Government Plan Programme Policies for UPSC Exam: Jan Aushadhi Yojana


Government Plan Programme Policies for UPSC Exam


:: Jan Aushadhi Yojana ::

India face problems related to Infant mortality and Maternal mortality at a large scale. India also receives highest number of deaths in many acute diseases. There are various reasons for these problems but most important among them is that in India expenditure on health in very less percentage of the GDP. While in USA it is close to 14 percent in India it is close to five percent. Among this percentage government spending of health is close to one percentage only. This puts an added burden on the public to spent from their pocket. And in a country where large section of population is poor this burden is unsustainable. In last few decades economic growth of India has been very good but resultant public spending on the health sector has not improved much. The growth of India’s economy now permits this long overdue increase in public financing of health. Good health has implications for development of countryas well.

The Government has launched ‘Jan Aushadhi Scheme’ to make available quality generic medicines at affordable prices to all, especially the poor, throughout the country, through outlets known as Jan Aushadhi Stores (JASs). Under the Jan Aushadhi Scheme, the State Governments are required to provide space in Government Hospital premises or any other suitable locations for the running of the Jan Aushadhi Stores (JAS). Bureau of Pharma PSUs of India (BPPI) is to provide one-time assistance of Rs.2.50 lakhs as furnishing and establishment costs, start up cost for setting up a Jan Aushadhi Outlet. Any NGO/Charitable Society/Institution/Self Help Group with experience of minimum 3 years of successful operation in welfare activities, can also open the Jan Aushadhi store outside the hospital premises. A margin of 16% on the sale price is built in the MRP of each drug.

In addition, the JAS are eligible for incentive linked to sale of medicines @ 10% of monthly sales amount, subject to a ceiling of Rs.10,000/- pm for a period of first 12 months. In case of Stores opened in North Eastern States and other difficult areas i.e., Naxal affected areas/Tribal areas etc., the rate of incentive is15% of monthly sale amount, subject to a ceiling of Rs.15,000/- per month. At present more than 175 Jan Aushadhi Stores have been opened across various States/UTs. JAS are opened on the locations as requested by the entity intending to open. The steps are also taken to open Jan Aushadhi stores in all AIIMS, prominent Hospitals, Medical Colleges under the Ministry of Health & Family Welfare.

The Public Health Foundation of India (PHFI) was asked to study the Scheme and suggest remedial measures.

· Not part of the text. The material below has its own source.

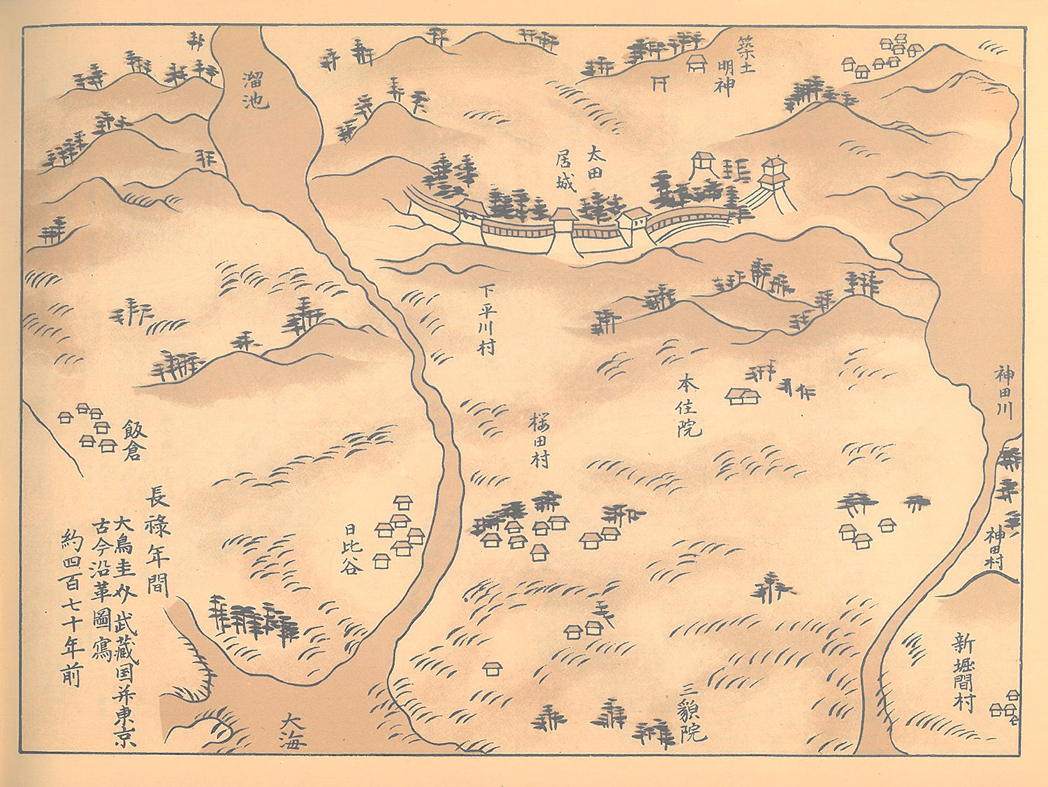 江戸は太田道灌以来の城下とはいえ、家康入城当時の江戸城は、現在の日比谷通あたりまで渚が迫り、漁民の苫屋が百戸ほどしかない侘しさで、道灌時代の「関東に甲たる」面影はなかった。

PHFI in their report pointed out the following factors which were mainly responsible for the scheme not being successful:

(i) Over dependence on support from State Government.
(ii) Poor Supply Chain management.
(iii) Non-prescription of Generic Medicines by the doctors.
(iv) State Governments launching free supply of drugs.
(v) Lack of awareness among the public

After the report government has taken several remedial measures toremove the problems associated with the scheme. Various steps taken by the government are given below:

a) Increasing the number of products from 361 to 504 medicines and 161 surgical and consumable items. Recently 88 more drugs are added to the basket.
b) Improving the supply chain mechanism through appointing Distributors and C&F agents in different States.
c) Increasing the number of functional stores.
d) Strengthening the Operating Agency i.e., BPPI through augmenting of manpower.
e) Relaxation in the eligibility criteria of Operating Agency for JAS.